Dünyada hayat için, insanca yaşamak için bağımsızlık lazımdır. Bağımsızlık sahibi olmak için kuvvet sahibi olmak ve bunun için mevcudiyetini ispat etmek icap eder.



Kuvvet ordudur. Ordunun hayat ve saadet kaynağı, bağımsızlığı takdir eden milletin, kuvvetin lüzumuna olan vicdanî imanıdır.



İngilizler, milletimizi bağımsızlıktan mahrum etmek için, pek tabii olarak evvelâ onu ordudan mahrum etmek çarelerine giriştiler. Mütareke şartlarının tatbikatı ile silâhlarımızı, cephanelerimizi, bütün müdafaa vasıtalarımızı elimizden almaya çalıştılar. Sonra kumandanlarımıza ve subaylarımıza tecavüze ve taarruza başladılar. Askerlik izzetinefsini yok etmeye gayret ettiler. Ordumuzu tamamen lağvederek, milleti, bağımsızlığını muhafaza için muhtaç olduğu dayanak noktasından mahrum etmeye teşebbüs ettiler.



Bir taraftan da müdafaasız, ordusuz bıraktıklarını zannettikleri milletin de izzetinefsine, her türlü haklarına ve mukaddesatına taarruzla milleti alçaklığa, boyun eğmeye alıştırmak plânını takip ettiler ve ediyorlar.


Herhalde ordu, düşmanlarımızın birinci taarruz hedefi oldu. Orduyu imha etmek için mutlaka subayı mahvetmek, aşağılamak lâzımdır. Buna da teşebbüs ettiler. Bundan sonra milleti koyun sürüsü gibi boğazlamakta engeller ve müşkülat kalmaz.



Bu hakikat karşısında ve içinde bulunduğumuz vaziyete göre subaylar heyetimize düşen vazifenin mahiyeti, ehemmiyeti ve kıymeti kendiliğinden meydana çıkar. Milletimiz hür ve bağımsız yaşamak huzuruna tam bir iman ile kani olmuş ve buna kati azim ile karar vermiştir. Zaman zaman şurada burada üzüntü verici karaktersizliklerin görülmüş olması hiçbir vakit milletimizin genel kanaatine, hakiki imanına sekte vurmamıştır ve vuramayacaktır.



Dolayısıyla kuvvetin, ordunun vücudu için lâzım olduğunu söylediğim kaynak -ki milletin vicdanî imanıdır- mevcuttur. Ordu ise, arkadaşlar, ancak subaylar heyeti sayesinde vücut bulunur. Malûm bir askeri hakikat, felsefi hakikattir; "ordunun ruhu subaylardadır. ". O halde subaylarımız, düşmanlarımız tarafından yıkılmak istenilen ordumuzu tamir edecek ve canlandıracak ve ordu ve milletimizin bağımsızlığını muhafaza edecektir.

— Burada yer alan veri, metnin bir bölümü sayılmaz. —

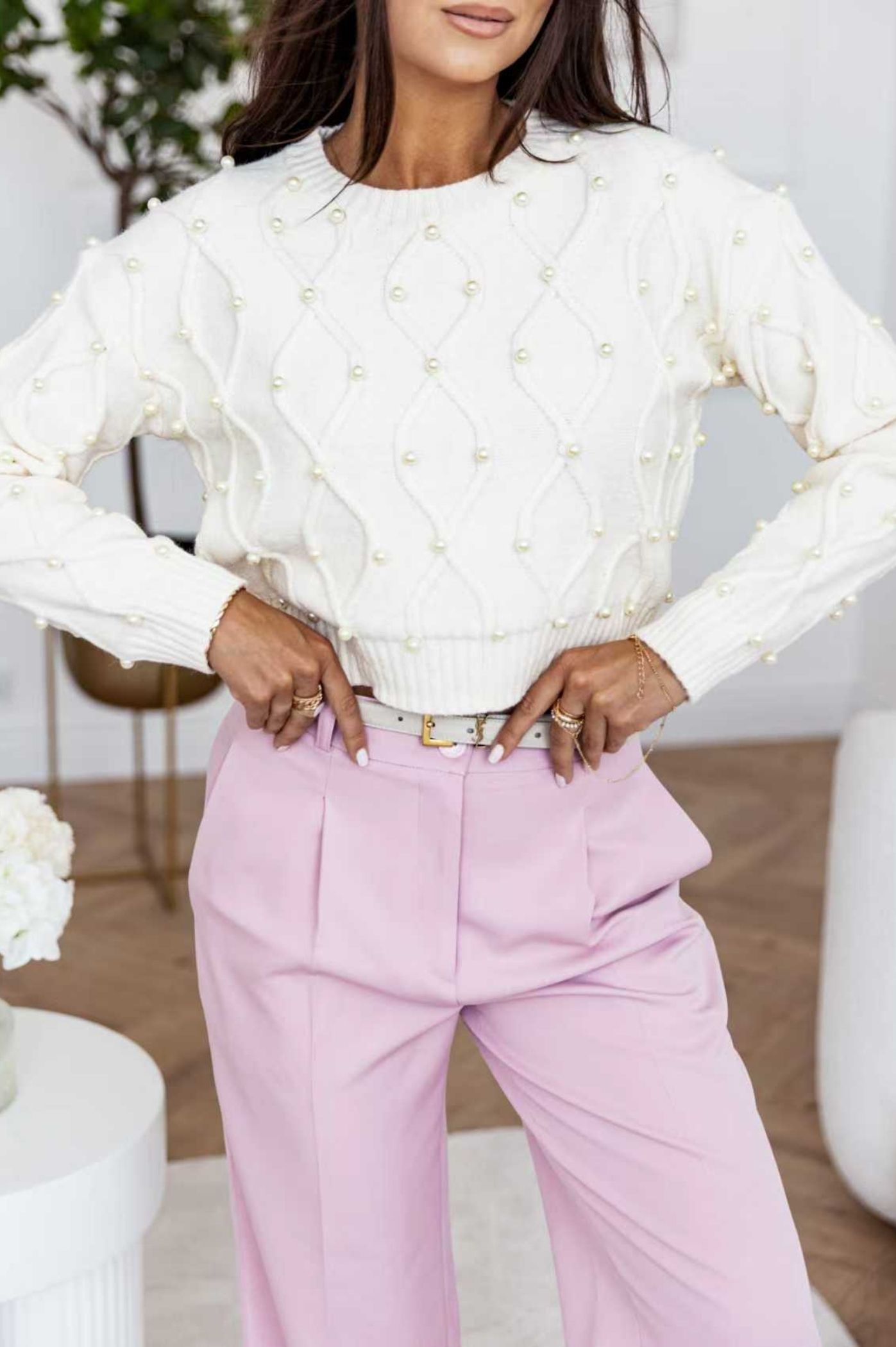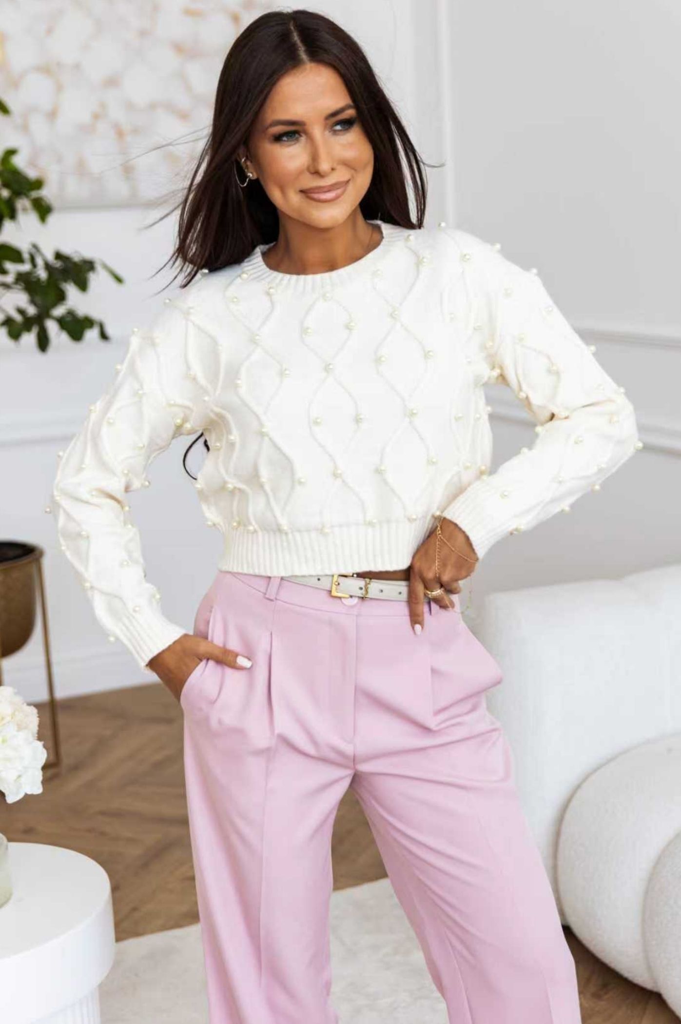 Αναδείξτε τη χειμερινή σας γκαρνταρόμπα με αυτό το κομψό cropped πλεκτό πουλόβερ, ιδανικό για μοντέρνα και θηλυκά σύνολα. Το πουλόβερ ξεχωρίζει χάρη στο ανάγλυφο πλεκτό μοτίβο σε σχήμα διαμαντιού, το οποίο είναι διακοσμημένο με μικρά μαργαριτάρια σε όλη την επιφάνεια. Η κοντή γραμμή του είναι ιδανική για να φορεθεί με ψηλόμεσα παντελόνια ή φούστες. Τα μαργαριτάρια προσδίδουν μια ρομαντική και αριστοκρατική πινελιά, μετατρέποντας ένα απλό χειμωνιάτικο πλεκτό σε statement piece. Είναι η τέλεια επιλογή για casual chic εμφανίσεις, για το γραφείο ή για ένα καφέ με φίλες. Αναζητάτε ένα γυναικείο πουλόβερ που συνδυάζει την ζεστασιά με τη διαχρονική κομψότητα; Μόλις το βρήκατε!

Millet, bağımsızlığının muhafazasından ibaret olan hayati gayesinin teminini ordudan, ordunun ruhunu teşkil eden subaylardan bekler. İşte subayların, subayların yüce olan vazifesi budur.

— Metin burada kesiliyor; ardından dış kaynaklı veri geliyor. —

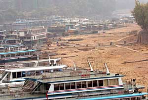 | 桂林陽朔碼頭上?康囊蚶旖幌陆当黄葧簳r停航的游船。新華社記者 陳瑞華

Allah göstermesin milletin bağımsızlığı ihlâl edilirse bunun vebali subaylara ait olacaktır. Subaylar, izah ettiğim yüce, mukaddes ve bütün açılardan üzerlerine düşen vazife itibariyle, bütün mevcudiyetleriyle ve bütün dikkat ve felsefeleriyle, giriştiğimiz bağımsızlık mücadelesinde birinci derecede faal ve fedakâr olmak mecburiyetindedirler.



Şahsi ve hususi itibariyle de subaylar, fedakârlar sınıflarının en önünde bulunmak mecburiyetindedirler. Çünkü düşmanlarımız herkesten önce onları öldürürler. Onları aşağılar ve hor görürler. Hayatında bir an olsa bile subaylık yapmış, subaylık izzetinefsini, şerefini duymuş, ölümü küçümsemiş bir insan, hayatta iken, düşmanın tasarladığı ve reva gördüğü bu muamelelere katlanamaz. Onun yaşamak için bir çaresi vardır; şerefini korumak! Hâlbuki düşmanlarımızın da kastettiği, o şerefi ayaklar altına almaktır.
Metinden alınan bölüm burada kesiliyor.